HOW CAN WE COMPUTE CUT-OFF FOR OUTLIERS IN GAUSSIAN/GAUSSIAN-LIKE DISTRIBUTION? (code) P74
Cut_off=data_std*3
Lower,upper= data_mean-cut_off, data_mean+cut_off
Values lower than Lower and higher that upper, are outliers.
WHAT IS A GOOD WAY FOR HANDLING OUTLIERS IN NON-GAUSSIAN DISTRIBUTED DATA MANUALLY? AND HOW IS IT CALCULATED?

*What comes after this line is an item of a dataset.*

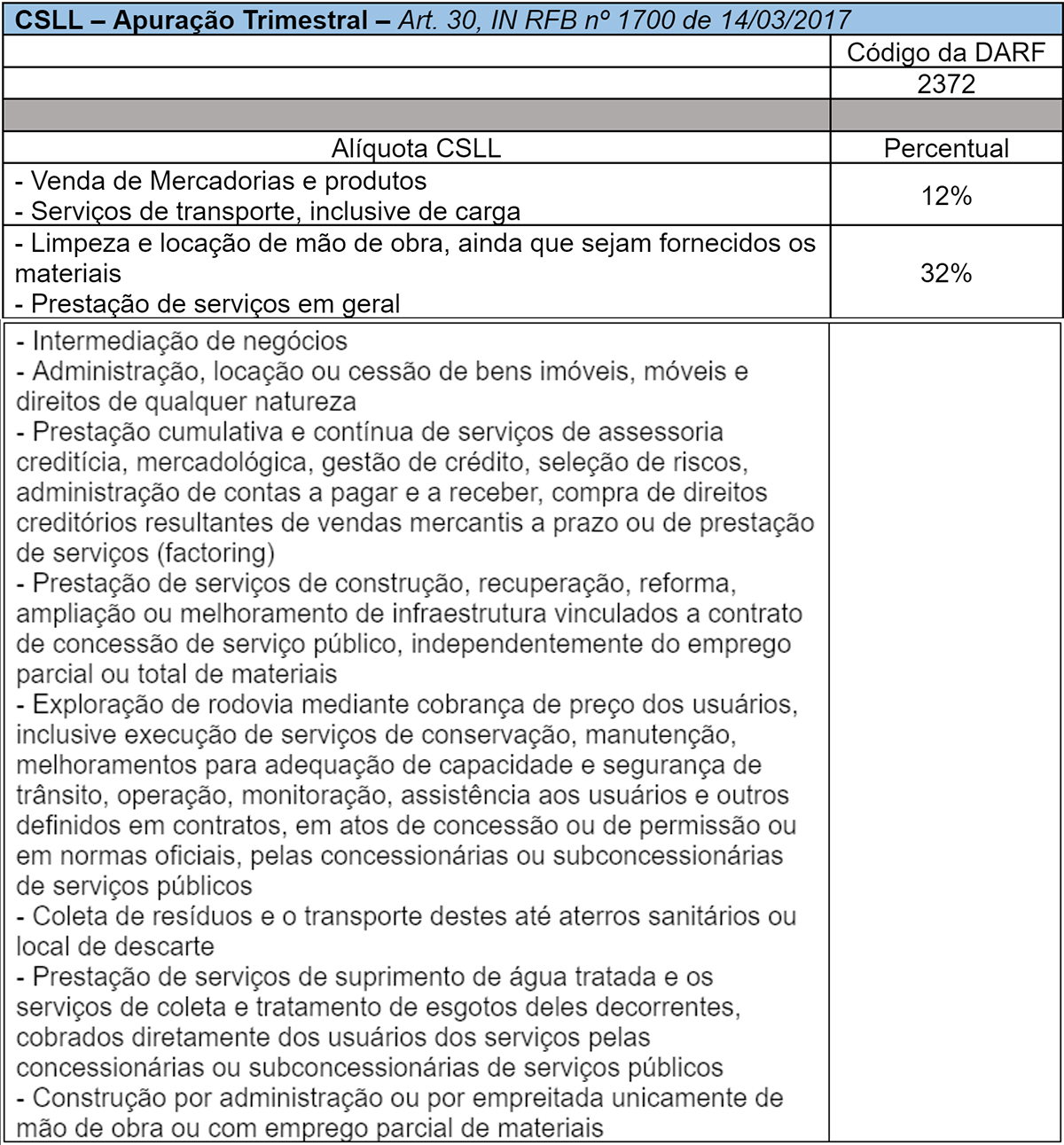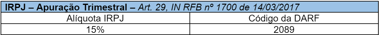 As pessoas jurídicas exclusivamente prestadoras de serviços em geral, mencionadas nas alíneas "l", "m", "n", "p", "q" e "s", cuja receita bruta anual seja de até R$ 120.000,00 (cento e vinte mil reais), poderão utilizar, na determinação da parcela da base de cálculo do IRPJ, o percentual de 16% (dezesseis por cento). (art. 33, § 7º, IN RFB nº 1700 de 14/03/2017)

Interquartile range, (75th percentile -25th percentile), it’s calculated by defining limits on the sample values that are a factor k of the IQR below the 25th percentile or above the 75th percentile. K usually is 1.5
HOW TO FIND 25TH AND 75TH PERCENTILE? AND CALCULATE CUTOFF? CODE P76
Percentile(data,25) or percentile(data,75)
IQR=q75-q25
CUTOFF=IQR*1.5
LOWER,UPPER=Q25-CUTOFF,Q75+CUTOFF
WITH WHAT CLASS IN SKLEARN CAN WE AUTOMATICALLY DETECT OUTLIERS? WHAT IS ITS WEAKNESS? HOW DOES IT WORK? P77 (WORKED EXAMPLE P78 P79)
LocalOutlierFactor.
This can work well for feature spaces with low dimensionality (few features), although it can become less reliable as the number of features is increased, referred to as the curse of dimensionality.
Each example is assigned a scoring of how isolated or how likely it is to be outliers based on the size of its local neighborhood. It marks each row in the training dataset as normal (1) or an outlier (-1).